I read the latest Pelecanos over the weekend and really enjoyed it. Drama City follows Lorenzo Brown, newly released from prison on drug charges and struggling to make a go of it as an animal enforcement officer for the Humane Society. When the job brings him in contact with some of his old friends and acquaintances, the stage is set for a struggle between doing right thing and doing the honorable thing. Should he try to avenge the shooting of his parole officer, Rachel Lopez, a woman he's come to see as a friend, especially since he knows more about the circumstances than the police? Lorenzo's old friend and running partner, Nigel Johnson, is now the head of one drugs operation and dealing with problems of his own--a young man he was grooming for greater responsibility in the organization has just been killed in a senseless confrontation with members of a rival gang--but he still has time to worry about Lorenzo and seeing to it that he sticks to the straight and narrow.

This is a shorter novel than some of Pelecanos' recent books, but no less satisfying for that. The moral issues are still as sticky and there are moments of great despair, as well as triumph (there's a running thread of Narcotics Anonymous meetings in the novel that provide many of these moments). Lorenzo is an easy character to like and his heartfelt concern for the mistreated dogs he continually deals with in his day-to-day life is admirable. He makes some small steps toward trying to get involved in his daughter's life--she doesn't know him, since he's been away in prison all her life--and he also makes the first steps toward romancing a young single mother and her daughter. We're also treated to glimpses of Rachel Lopez's life, marked by an honest level of concern for her parolees when she's on the job, and careless sex and alcohol use when she's off the clock.

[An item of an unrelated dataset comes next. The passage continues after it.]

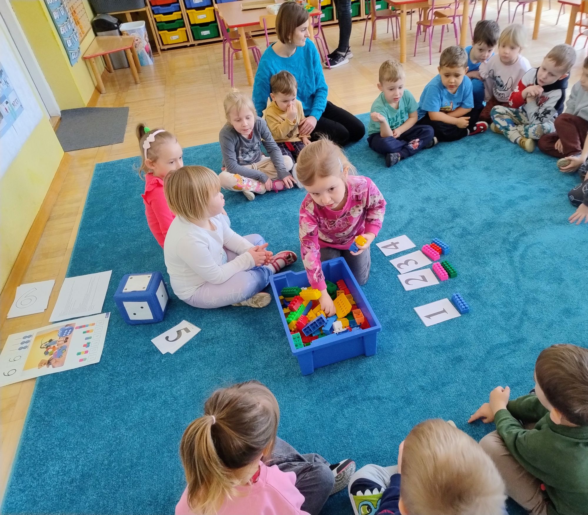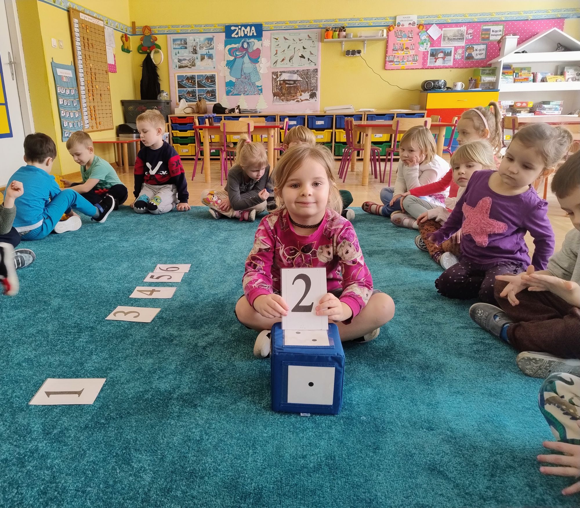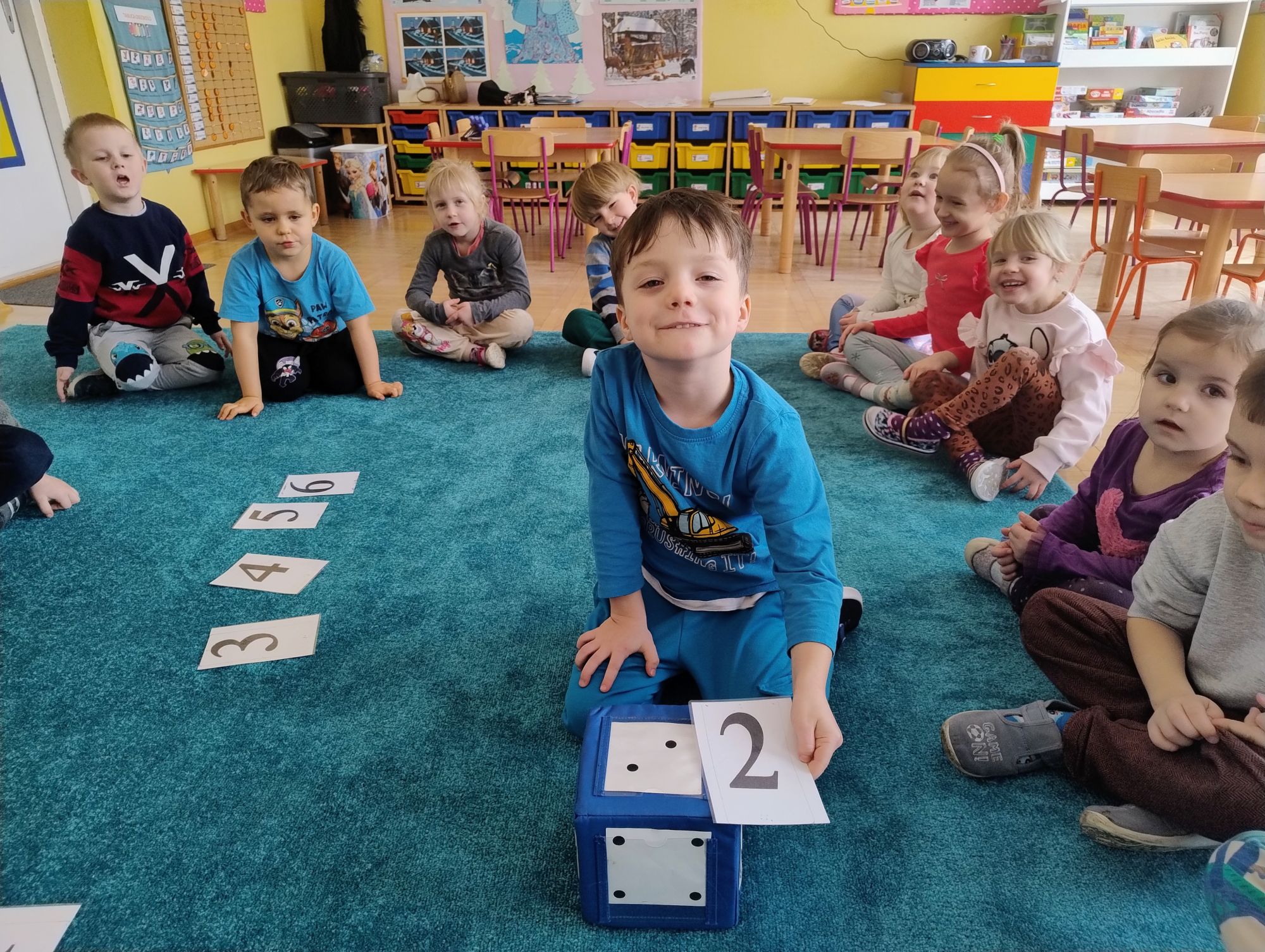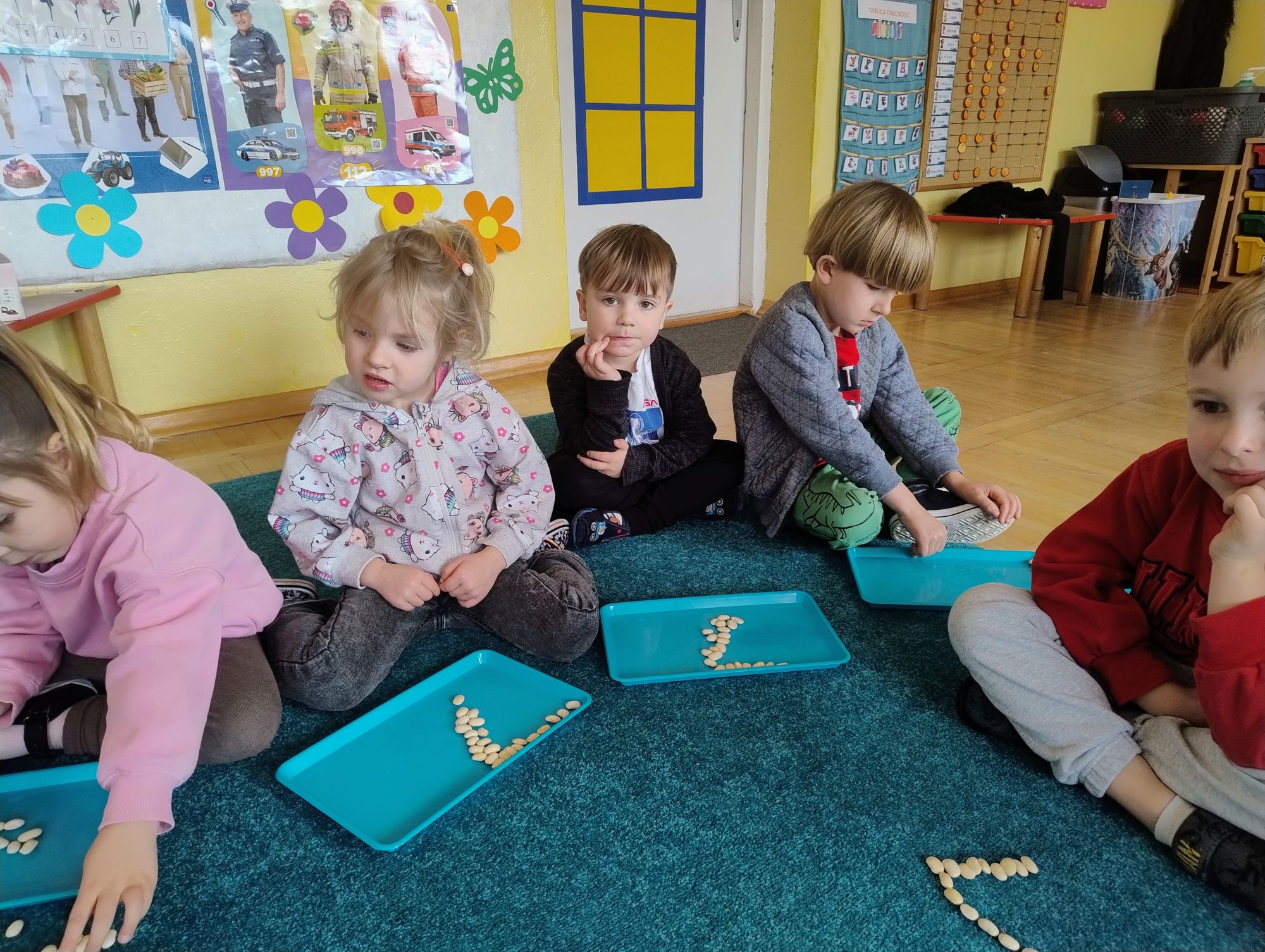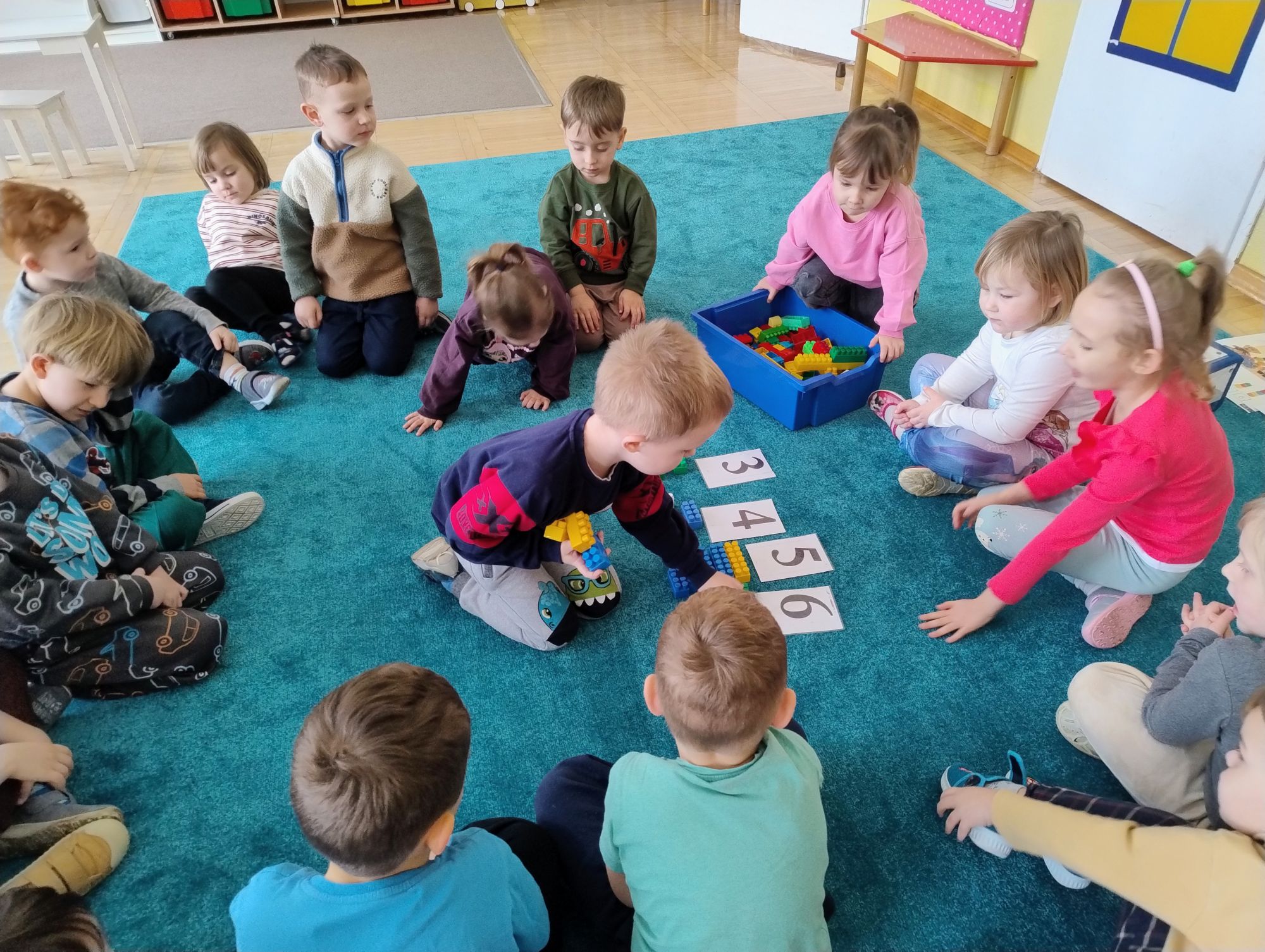 Przedszkolaki z młodszej grupy w ramach realizacji innowacji pedagogicznej "Wesoła matematyka" autorstwa Dominiki Gerlich uczestniczyły w zajęciach matematycznych, które wprowadziły maluszki w magiczny świat matematyki. Dzieci zdobywały wiedzę i umiejętnosci, poprzez aktywny udział w zabawach ruchowych, tworząc prace plastyczne, recytujac wyliczanki i śpiewając piosenki. Wszystkie te zadania pomogły im w nauce liczenia i poznawaniu cyfr. Różnorodne aktywności sprawiły, że maluszki chętnie angażowały sie w zadania i szybciej przyswajały nowe wiadomości. Z zaciekawieniem przeliczały różne przedmioty dopasowywując ich liczbę do odpowiedniej cyfry. Do zajęc posłużyły, m.in, kostka do gry, fasola, plastikowe korki. Dzieci z dużym zaangażowaniem układały kształty cyfr. Innowacja napisana przez wychowawcę, to forma nauki, która sprzyja lepszemu zapamiętywaniu, ale przede wszystkim daje radość i buduje pozytywne skojarzenia z matematyką od najmłodszych lat.

I think Pelecanos' work as a writer for The Wire shows up here in the novel, which seems more economical in the way it deals with the drug problem and how it affects people of varying stripes and from different walks of life. There are fewer musical allusions, too, though they're still present, but as less of a marker of characters' level of hipness. This was truly a "drop everything" read, even though it meant dropping the latest John Farris novel, Phantom Nights, which also turned into a memorable page-turner.